Year:1961 Mileage:1 Color:
Location:

Aurora, Illinois, United States

Aurora, Illinois, United States
Advertising:

 1961 Ford/Mercury Comet S22. Rare car with cool history, very modified, daily driven.   NO RESERVE it's selling to highest

? Mustang II subframe/suspension
? 4 bolt 350 & TH350 transmission w/ external cooler
? Custom driveshaft
? approx 3:00 8" Mustang rear
? 2 Chamber master cylinder & disc front brakes, new brake lines front/back
? Relatively new dual exhaust, good sound, quiet
? Fresh professional rebuilt late 70s Quadrajet 750, starts & runs easy
? Corvette C4 floor shifter
? New KYB shocks up front
? 5 new tires, couple thousand miles
? "Invisible" bluetooth amp setup to sync your phone.  
? Polk 3.5's up front, TBD rears (I have a couple pairs, might swap)  Hifonics 4 chan amp running the set.   Sounds great
? New gas tank, fuel lines
? Factory optioned electric wipers
? All original badging & trim exterior (save for "Comet" hood script, easy if you want it)
? etc etc.

Runner, not a project! Car is daily driven at over 70mph in rush hour traffic on I88. I drive it to work every day weather allowing.   Starts easy every time, runs like a champ with steady idle or at 70.   Feels real good on road.  I've put easily 10K miles on the setup.

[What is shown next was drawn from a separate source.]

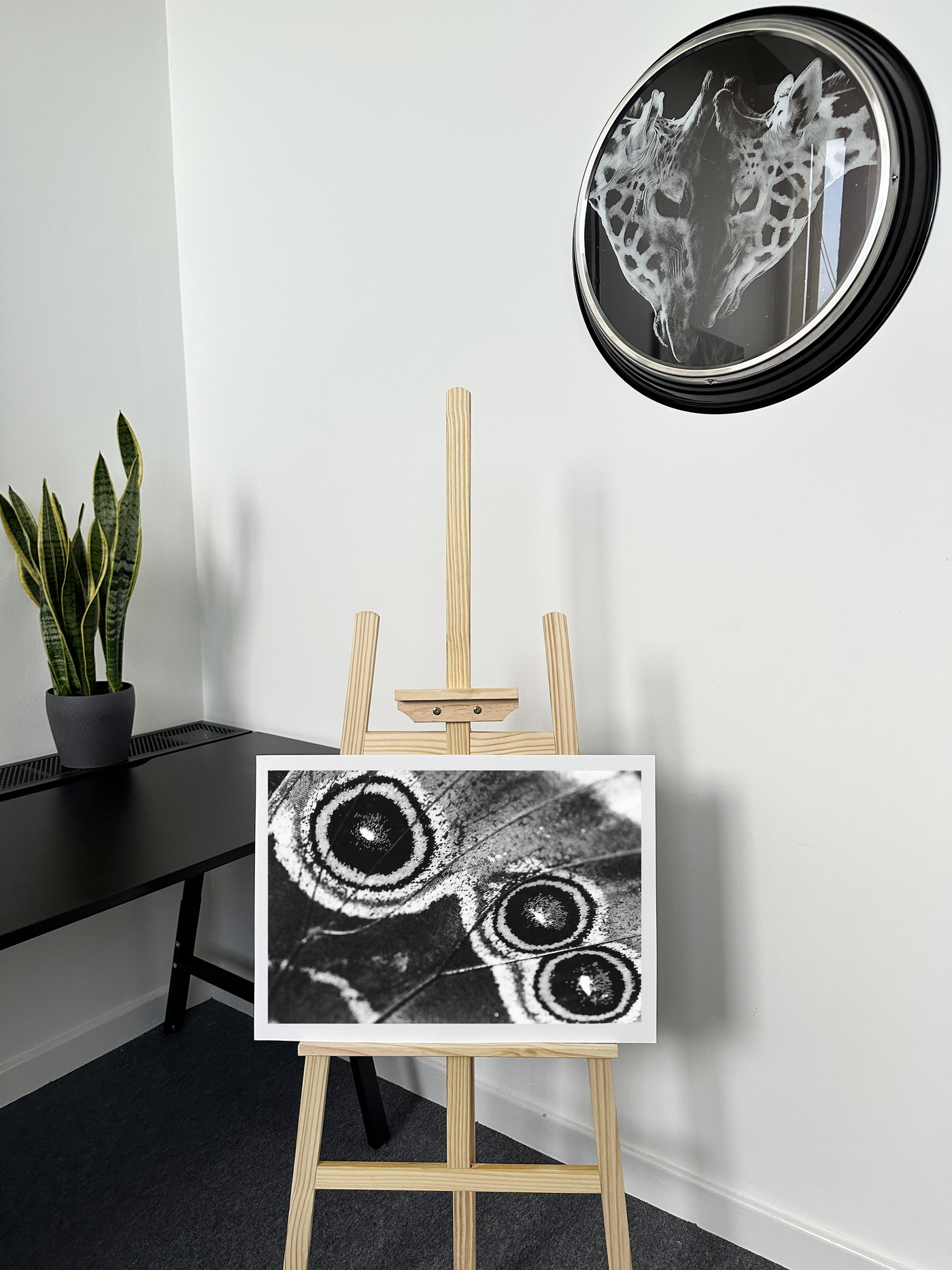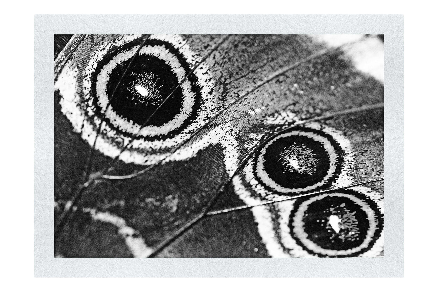 Our premium printing techniques ensure that every nuance of Monochromatic detail is faithfully reproduced on the Fine Art paper. The matte finish reduces glare, allowing viewers to appreciate the complex structures and patterns of the eyespots from any angle. The Fine Art print texture also adds depth to the image, emphasising the three-dimensional quality of the wing scales and the illusion of depth within each eyespot.

M2 swap and shock tower delete done right - far better welders than me agree it looks good & solid.   Goes straight down the road at speed.   350 combo is from a late 70's truck I believe.   Does puff a little smoke on startup, has since I got it, common for 350, you will need to feed it oil here and there but it's solid.  

Exterior looks like a well-driven survivor. Original paint is chalky, surface rust starting to come in on some edges and paint chips, some dents, some rust - driver side mostly, the lower fender needs a half dollar patch and the driver door is the roughest panel.  Driver front floor could use a little metal, rest of floor looked very solid from what I've inspected.  The usual more difficult repair spots for this car - quarters, trunk, suspension and esp. the infamous leaky cowl -- look real good to me.   Passenger C-pillar might have a little bondo by visual inspection, I absolutely have put no filler in (but have hammered out a bit of bodywork to 90%)  Not a perfect body by any stretch but it's solid in the right spots.   I shipped it here from Oregon.   I have replaced with very very good chrome or will give you with car - the rear quarter runs, the trunk emblem ($$/rare!), the comet c-pillar small emblem, the C-pillar wraps.   A good trunk emblem is rare as hen's teeth!

Interior shows some wear in a couple spots - headliner is dry w/ a few sizeable tears, armrest has a sweet elbow divot that took 50 years to make -- but overall interior is great condition, it's a high point of the car. All dash gauges work, heater blows heat.   Speedo does read exactly 2x as high, you can swap drive gear fairly easy if it bothers you.   Both 'fin' windows dropped the bottom nut and flop around.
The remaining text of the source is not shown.